My uncle was preaching at a tiny church in the town of Eros, La. He's my mother's little brother, and he looks more and more like my grandfather every year.
The church meets in a remodeled house trailer on a lot about a block off the Highway 34, behind the abandoned school. It's an old trailer, and in the bedrooms, Sunday school went on with three children and taped religious music played quietly. After Sunday school, we filled the twelve chairs set out, and the minister's wife, Neva, led the singing.
My mother's cousin Margie was there. We used to visit her and her husband Morton in Baton Rouge, where my parents played Rook with them ("Green, green, a sight to be seen," Moe used to say). One year, they gave me a Christmas present. I slowly tore off the wrapping to find an onion and an old fishing line spool. I guess I must have shown disappointment, because they quickly took it away and gave me something else. What I remember is that just as I had resolved to figure out how to play with the fishing spool and the onion, I lost them, and got something that was no fun to play with at all. I don't remember what it was.
Morton died years ago, and Margie, I hear, travels around the country in an old van, from which she has removed the back seats and has installed a bed. She sleeps in Walmart parking lots. I told her that I had heard about her travels, but she just looked sad and said it was a shame to grow old. It was as odd as the Christmas present, because traveling around the country in the back of a van is one of the youngest things I've heard of in a woman in her late 70s or early 80s.
My cousin Sandra was there, whom I haven't seen since my wedding on Aug. 18, 1973 (all-expense paid trip for two to Eros, La., for the first person who identifies that date from recent news stories). Sandra is a few years younger than I am, the daughter of Uncle Lawrence's twin sister, and with her brother Joe lived with my grandparents when I was a kid. Once I was visiting, and Sandra wanted to show me that she was learning to play the piano. I had actually been taking lessons for several years, but didn't have a real gift for it and was still a plunker. Sandra had started only recently, but was well on her way to being better at it than I was. She got only halfway through the song when my grandmother, whom everybody called Sissy, came in and told her to get up from there, because she couldn't play as well as I could.
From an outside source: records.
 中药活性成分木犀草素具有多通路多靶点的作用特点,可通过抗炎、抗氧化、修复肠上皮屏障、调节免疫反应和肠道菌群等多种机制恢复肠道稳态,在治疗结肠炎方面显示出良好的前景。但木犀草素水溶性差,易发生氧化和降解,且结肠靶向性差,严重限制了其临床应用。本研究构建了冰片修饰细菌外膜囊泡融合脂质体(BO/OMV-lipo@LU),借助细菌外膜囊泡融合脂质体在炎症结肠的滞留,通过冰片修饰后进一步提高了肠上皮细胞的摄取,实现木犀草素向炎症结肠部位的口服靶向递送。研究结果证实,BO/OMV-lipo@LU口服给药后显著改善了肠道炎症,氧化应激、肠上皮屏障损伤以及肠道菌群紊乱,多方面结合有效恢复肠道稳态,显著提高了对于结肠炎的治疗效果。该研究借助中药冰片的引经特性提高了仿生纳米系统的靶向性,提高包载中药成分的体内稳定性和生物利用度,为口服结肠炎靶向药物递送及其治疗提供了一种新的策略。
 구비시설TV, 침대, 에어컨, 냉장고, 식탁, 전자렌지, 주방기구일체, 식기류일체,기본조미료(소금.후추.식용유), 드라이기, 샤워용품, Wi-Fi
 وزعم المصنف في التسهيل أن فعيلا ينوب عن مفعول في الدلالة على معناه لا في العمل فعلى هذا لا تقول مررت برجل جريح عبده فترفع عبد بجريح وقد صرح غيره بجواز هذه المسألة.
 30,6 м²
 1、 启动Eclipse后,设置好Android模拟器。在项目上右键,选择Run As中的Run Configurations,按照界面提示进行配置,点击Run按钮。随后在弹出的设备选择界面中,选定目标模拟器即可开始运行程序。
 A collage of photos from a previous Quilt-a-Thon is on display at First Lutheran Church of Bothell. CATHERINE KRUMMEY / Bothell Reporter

That old piano, tinny and missing some keys and out of tune, was the same piano that my mother and sister had learned to play on, both well enough to play hymns for church services. I had a nice new, dry and well-tuned piano at home and never learned to make it sing, the way I took years of French and never had a conversation.
My grandparents lived a half mile up the road from Eros on 90 acres, with a white clapboard house with a front porch running across the width of the house. There was a porch swing, and on summer evenings the family would sit out on the porch, shelling peas or shucking corn and talking.
J.E. Phillips, my grandpa, was over 90 when he died and had served as a justice of the peace in that rural Louisiana parish (county) for more than 60 years. He loved Louis Lamour and TV westerns like Gunsmoke. When I was little and had first moved to Louisiana from Oregon, he used to pull me onto his lap and ask, "Do you like Grandpa?" A Southern grandpa is different from a Northern grandpa, and a grandpa who's a farmer in northern Louisiana is different from a grandpa who is a factory worker with a big garden in Oregon. He talked different, and I remember even at age 5 not knowing yet whether I liked grandpa or not. Finally, several or many visits later, I said, "You'll do in a pinch," and he laughed and laughed. After that, he asked, "Do you like Grandpa?" waiting for the delight of that answer, and I always answered, "You'll do in a pinch," meaning, "Yes, I really do like Grandpa."
The kitchen of that house took up about a quarter of the floor space, and after dinner on Sunday afternoons, people sat around the table telling stories, arguing, pointing at each other. I remember as a kid how the babble of voices would overwhelm me, and yet that's where the family secrets were hinted at and, rarely, told.
I didn't live there, only came back periodically for visits, and living in our small town (as opposed to country) isolation, I learned about family life from Leave It to Beaver and Father Knows Best, which we watched in our living room, just the three of us, without the play by play.
In Eros, we were the family that moved away and got rich, though it didn't seem so back home.
We regathered for Sunday dinner in my uncle's "fine brick home," as my grandpa always characterized new housing construction throughout the parish. Sandra was there, and her two daughters and her husband from California. Sandra has published a book and is working on promotion. And we sat around the table for hours, telling stories and talking about dead relatives. Sandra has done some genealogy, and know about the Cherokee who married Samuel Phillips in the 1800s and became the grandmother of J.E. Phillips.
And just as my mother is out of contact with her sister, Lawrence's twin, Sandra is out of contact with Joe. I don't say they're wrong, but I can't imagine Beaver and Wally ever losing touch with each other.
Sandra turned to me during dinner and asked how we two turned out to be writers in a family where no one else was the least interested in writing. I said we come from a family of story-tellers, and I could have added deep and passionate conflicts.